A writer one said, "We write the books we ourselves need to read." (I think it was Toni Morrison.) Perhaps you need to write the book you're looking for:)

10/23/2008 10:12 AM  
Blogger Robin M. said...

Eileen, that thought has occurred to me, but I don't see how it's going to really happen.

10/28/2008 11:11 PM  
Blogger suzannah | the smitten word said...

you might appreciate "the shaping of things to come"--it has two authors, hirsch and frost.

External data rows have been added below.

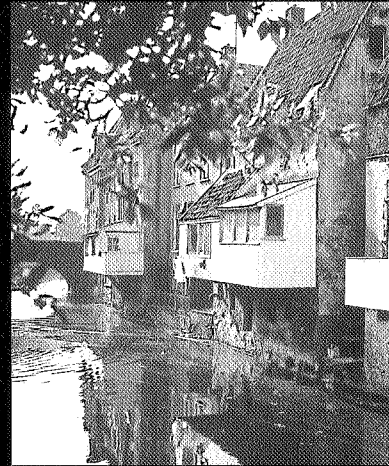
De hangende keukens in Appingedam, foto John Stoel.

te maken. In dit gebied is de baksteenindustrie dan ook heel belangrijk geweest. De knipklei als materiaal en het Damsterdiep en de vele maren als transportweg vormden de voorwaarden voor de concentratie van steenbakkerijen. Veen diende als brandstof voor de ovens. De eerste bakstenen in Groningen werden gebakken aan het einde van de 12e eeuw. Zo is de kerk van Aduard gebouwd van ter plaatse gebakken steen. Worden de eerste jaren de bakstenen nog gebruikt voor de bouw van kerken, later worden ook burgerlijke, adellijke huizen gebouwd van dit nieuwe bouw materiaal. In 1338 zijn er al zes steenhuizen in de stad Groningen te vinden. Ook in de Ommelanden werden bakstenen alras toegepast. Voor de 14e en 15e eeuw is berekend dat er minstens 700 steenhuizen in Stad en Ommelanden te vinden waren. Voor de periode van 1250 tot 1500 wordt de totale produktie van de provincie geschat op 50 miljoen stenen. In dit gebied hebben 35 steenfabrieken gestaan. Langs het Damsterdiep alleen stonden al 15 steenfabrieken. De baksteenindustrie is nu echter bijna verdwenen, en veel fabrieken zijn afgebroken; de rest wacht de slopershamer.
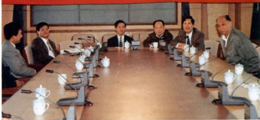
1996年2月5日《建设银行广州市分行专业志》定稿会议在分行会议室召开，图为会场一角。
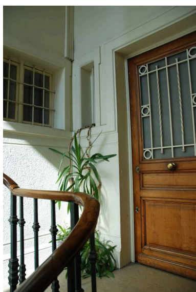
Vue d'un palier IVR82_20126900881NUCA
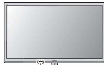
赤・電源 / 緑・受像 (イラスト:TH-P50GT5)
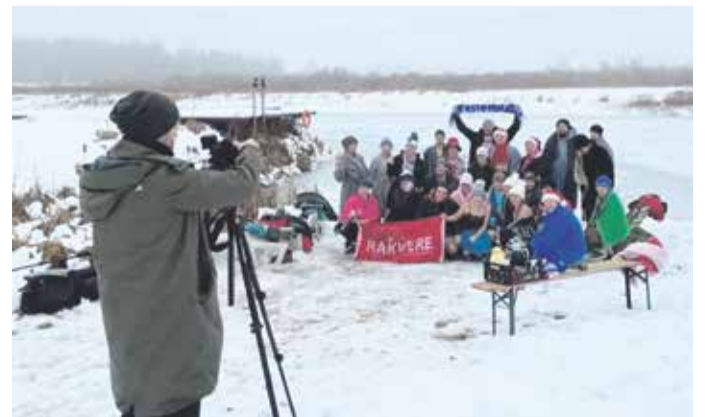
Üle-eestiline ühisüritus, millest viimased 6-aastat oleme ka meie osa võtnud – 31. detsembril kastan end vette. Seekord oli vee temperatuur +0,2 kraadi.
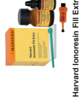
Harvard Ionoresin Fill Extra
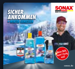
TOPPER WINTER ART.-NR. 02204980
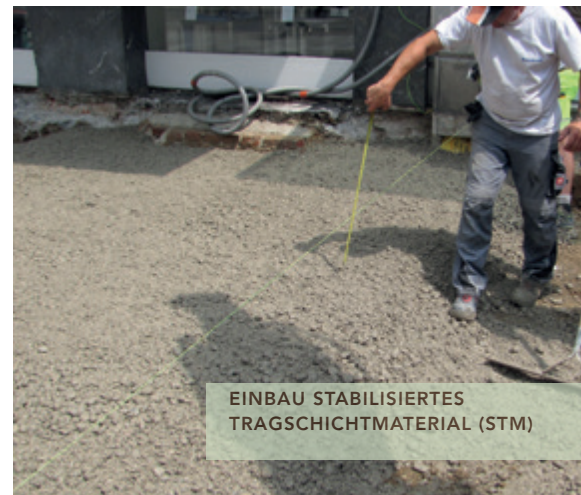
EINBAU STABILISIERTES TRAGSCHICHTMATERIAL (STM)

Bauherr: Magistrat der Landeshauptstadt Linz Architekt/Planer: KMP ZT-GmbH. Technische Planung: TBV Niedermayr GmbH. Ausführende Firma: West-Asphalt Straßenbau-ges.m.b.H., Wels Bauaufsicht TBV Niedermayr GmbH.
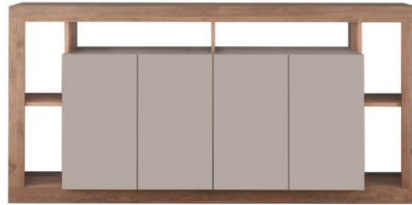
APARADOR 4P L210xA102xP42 cm. Cód. 115903

i haven't read mclaren's trilogy, but really enjoyed his "a generous orthodoxy" and "more ready than you realize." i think both speak partly to non-christian audiences and not just to converted/converting conservatives.

10/29/2008 10:32 AM  
Blogger Kim Ranger said...

Robin, I think I'm writing one of those books, a memoir about spending 2 years with the Seventh-day Adventists, from the starting place of being a non-theistic Quaker to being... oh dear, a Christian...liberal Quaker. I have a sabbatical starting in January to try to get a publisher.

11/25/2008 10:34 AM  
Blogger Robin M. said...

Kim, I will hold you in the Light - let me know how the search goes!

Suzannah, I will look for "the shaping of things to come." I read part of "A Generous Orthodoxy" and found myself going, yeah, yeah, so what's new? But that was a while ago. I may be more ready to appreciate it now.